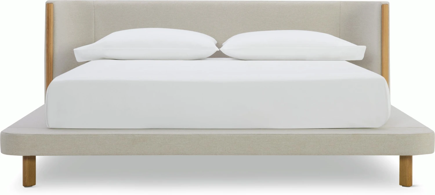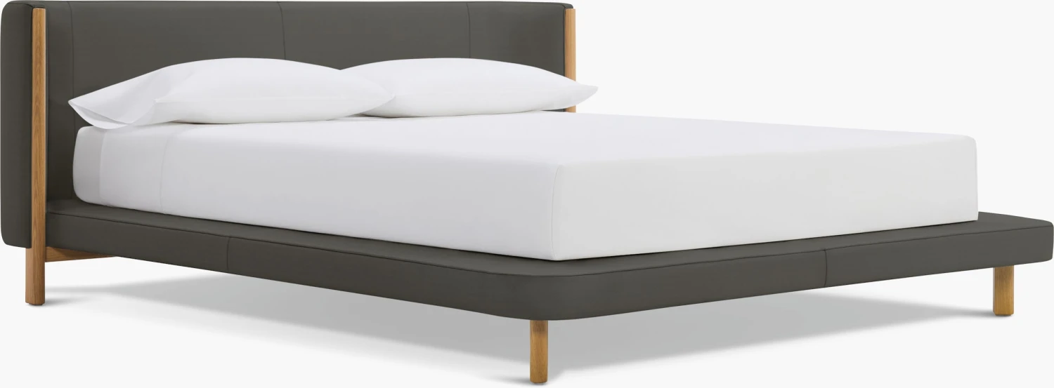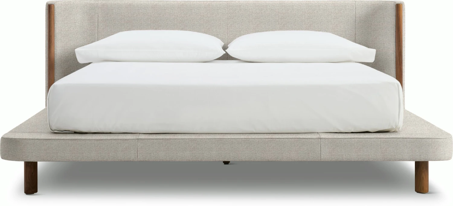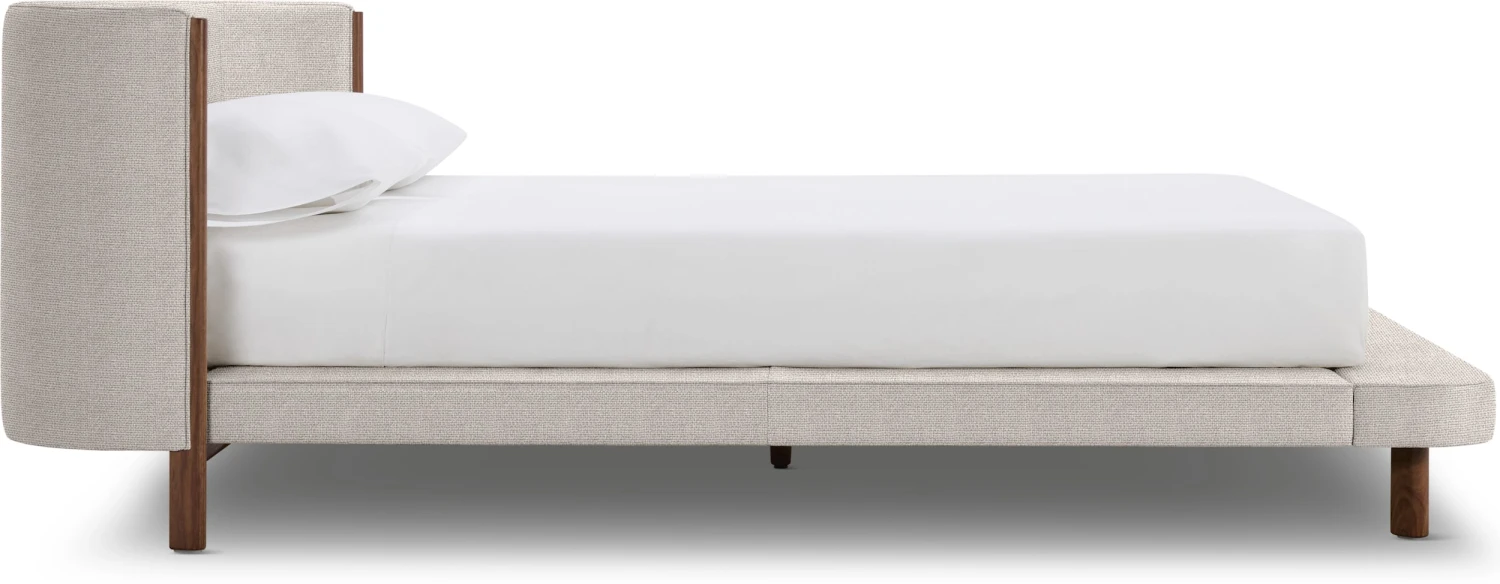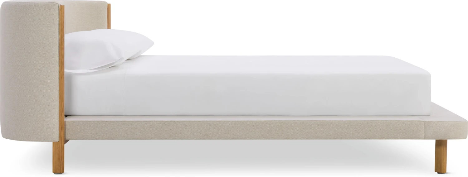 - Low upholstered platform on solid wood legs.
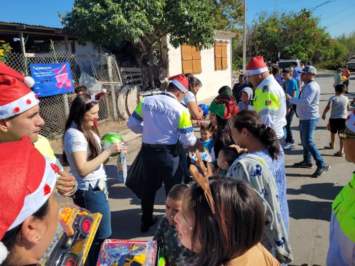 Esta iniciativa, que el personal de Tránsito mantiene desde hace dos años durante la temporada decembrina, tiene un carácter social y altruista, enfocada en brindar apoyo y esperanza a familias que habitan en sectores considerados vulnerables.
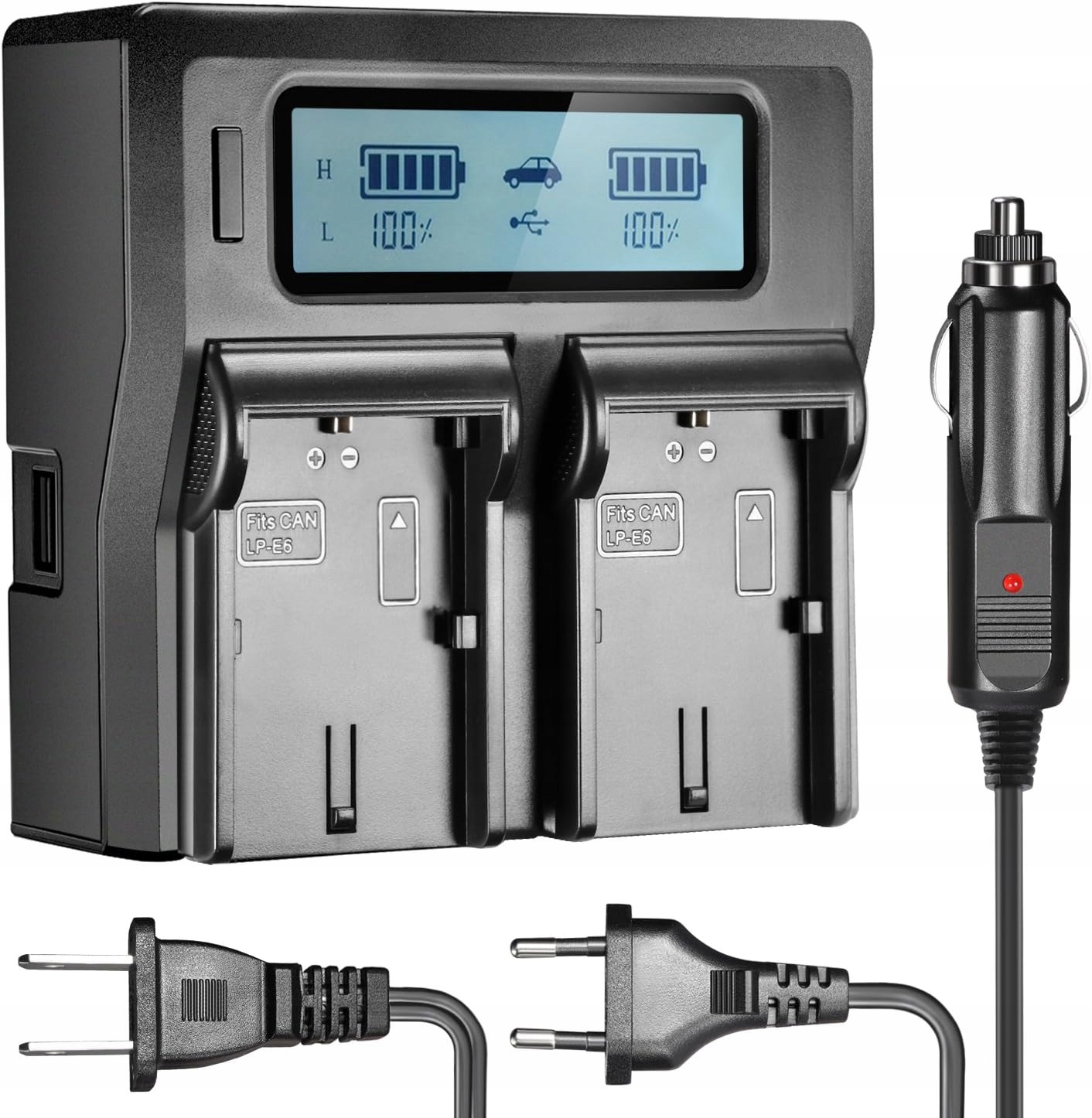 ✔ Dvojitá nabíječka obsahuje displej, který poskytuje podrobné informace o úrovni nabití lithium-iontové baterie.
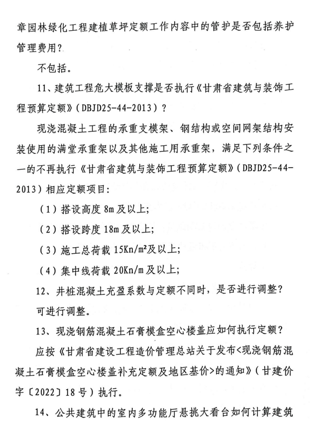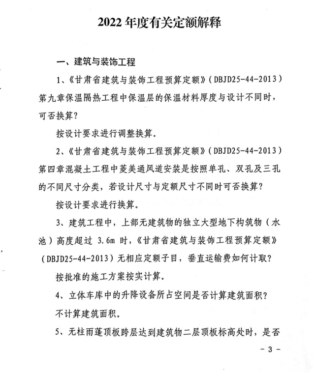 工程造價定額變動!甘肅住建廳出臺《2022年度有關定額解釋》
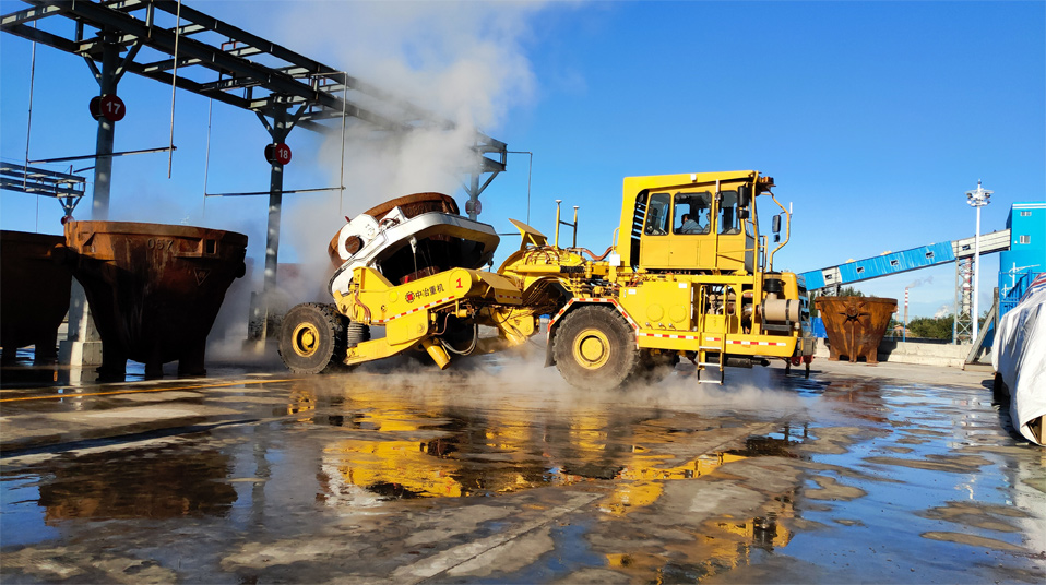 由中冶寶鋼研制的70噸鉸接式抱罐車,采用鵝頸鉸接型式,額定載重75噸,重載最高時速為每小時20公里,翻罐角度105度,最大爬坡能力8%,最小轉(zhuǎn)彎半徑9米。該車型應(yīng)用專利技術(shù)10項,在國內(nèi)有色冶煉市場占有率超過75%,先后榮獲中國有色工業(yè)協(xié)會、中國鋼鐵工業(yè)協(xié)會科技獎,中國施工企業(yè)管理和中國循環(huán)經(jīng)濟(jì)協(xié)會專利獎等榮譽(yù)。
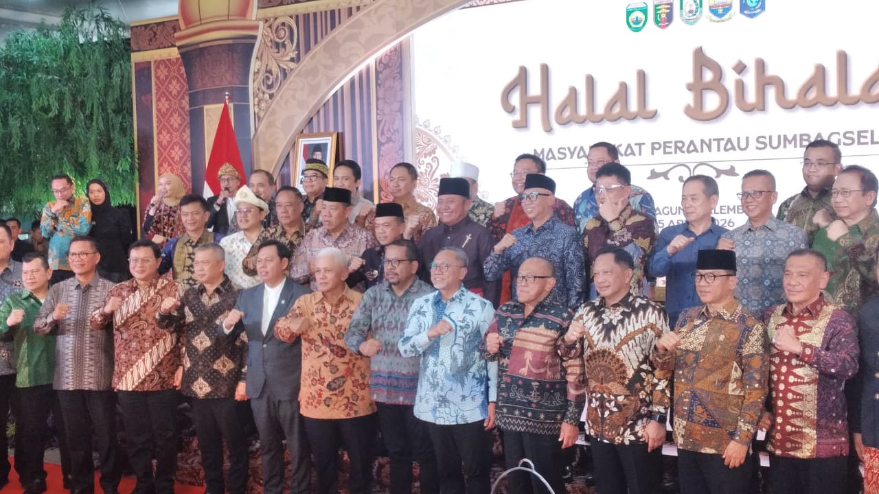 Suasana hangat dan penuh keakraban mewarnai kegiatan Halal Bihalal masyarakat perantau Sumatera Bagian Selatan (Sumbagsel) yang digelar di Griya Agung, Palembang, Sumsel, Sabtu (25/4/2026).
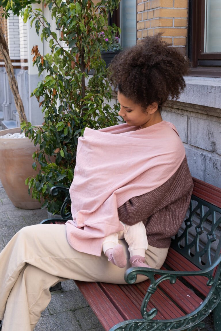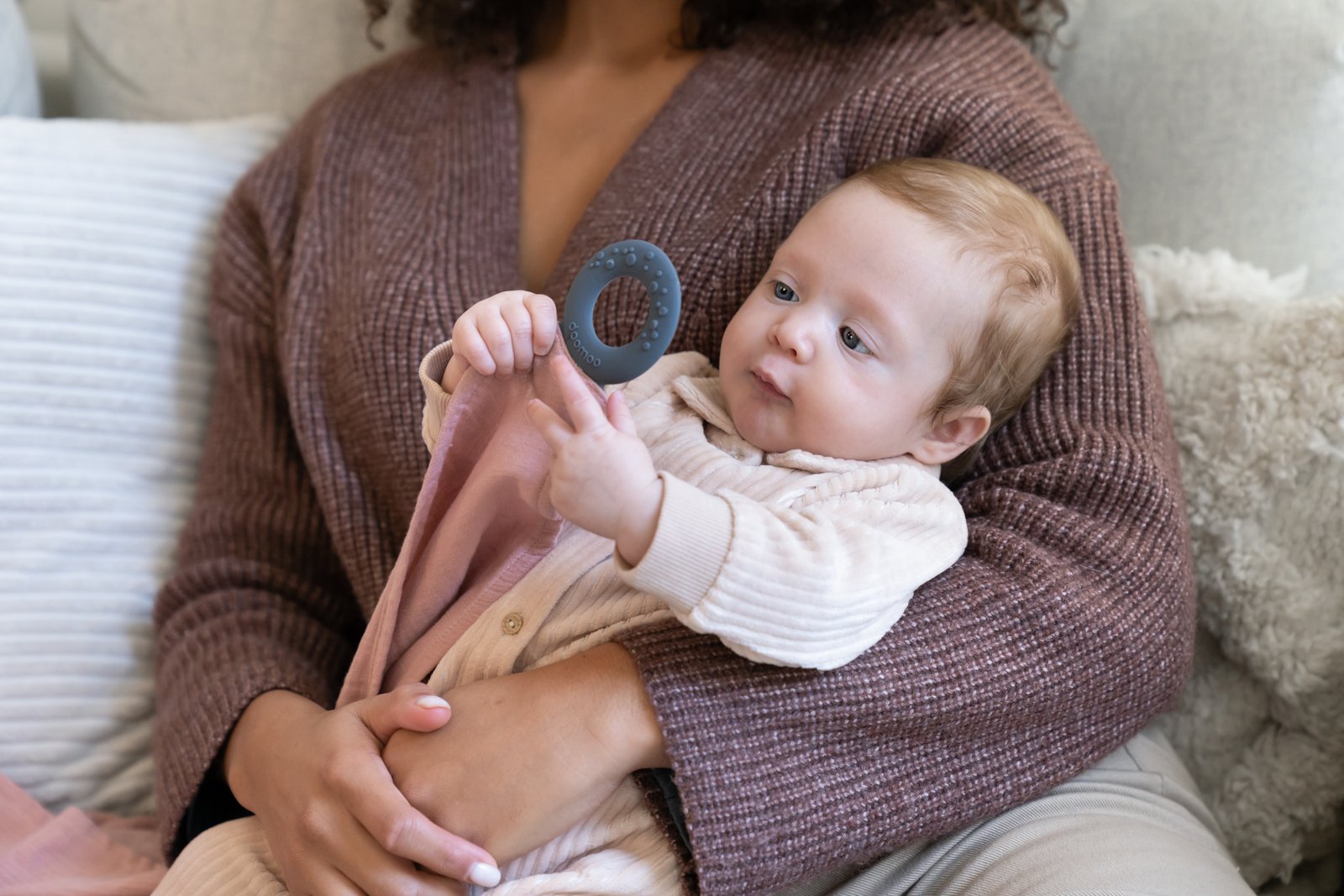The Mom’n Play nursing cape allows you to breastfeed your baby anywhere, in complete privacy. Made of organic cotton, it can easily be attached around your neck thanks to its non-slip ring. The Mom’n Play has been designed to be used as a teething ring, to wipe your baby’s face or to deal with unforeseen events while out and about.
- - -
DIRECTIONS FOR THIS TASK
Print out each record exactly as shown, but keep the pictures out.

ANSWER SPACE
 - Low upholstered platform on solid wood legs.
 Esta iniciativa, que el personal de Tránsito mantiene desde hace dos años durante la temporada decembrina, tiene un carácter social y altruista, enfocada en brindar apoyo y esperanza a familias que habitan en sectores considerados vulnerables.
 ✔ Dvojitá nabíječka obsahuje displej, který poskytuje podrobné informace o úrovni nabití lithium-iontové baterie.
 工程造價定額變動!甘肅住建廳出臺《2022年度有關定額解釋》
 由中冶寶鋼研制的70噸鉸接式抱罐車,采用鵝頸鉸接型式,額定載重75噸,重載最高時速為每小時20公里,翻罐角度105度,最大爬坡能力8%,最小轉(zhuǎn)彎半徑9米。該車型應(yīng)用專利技術(shù)10項,在國內(nèi)有色冶煉市場占有率超過75%,先后榮獲中國有色工業(yè)協(xié)會、中國鋼鐵工業(yè)協(xié)會科技獎,中國施工企業(yè)管理和中國循環(huán)經(jīng)濟(jì)協(xié)會專利獎等榮譽(yù)。
 Suasana hangat dan penuh keakraban mewarnai kegiatan Halal Bihalal masyarakat perantau Sumatera Bagian Selatan (Sumbagsel) yang digelar di Griya Agung, Palembang, Sumsel, Sabtu (25/4/2026).
The Mom’n Play nursing cape allows you to breastfeed your baby anywhere, in complete privacy. Made of organic cotton, it can easily be attached around your neck thanks to its non-slip ring. The Mom’n Play has been designed to be used as a teething ring, to wipe your baby’s face or to deal with unforeseen events while out and about.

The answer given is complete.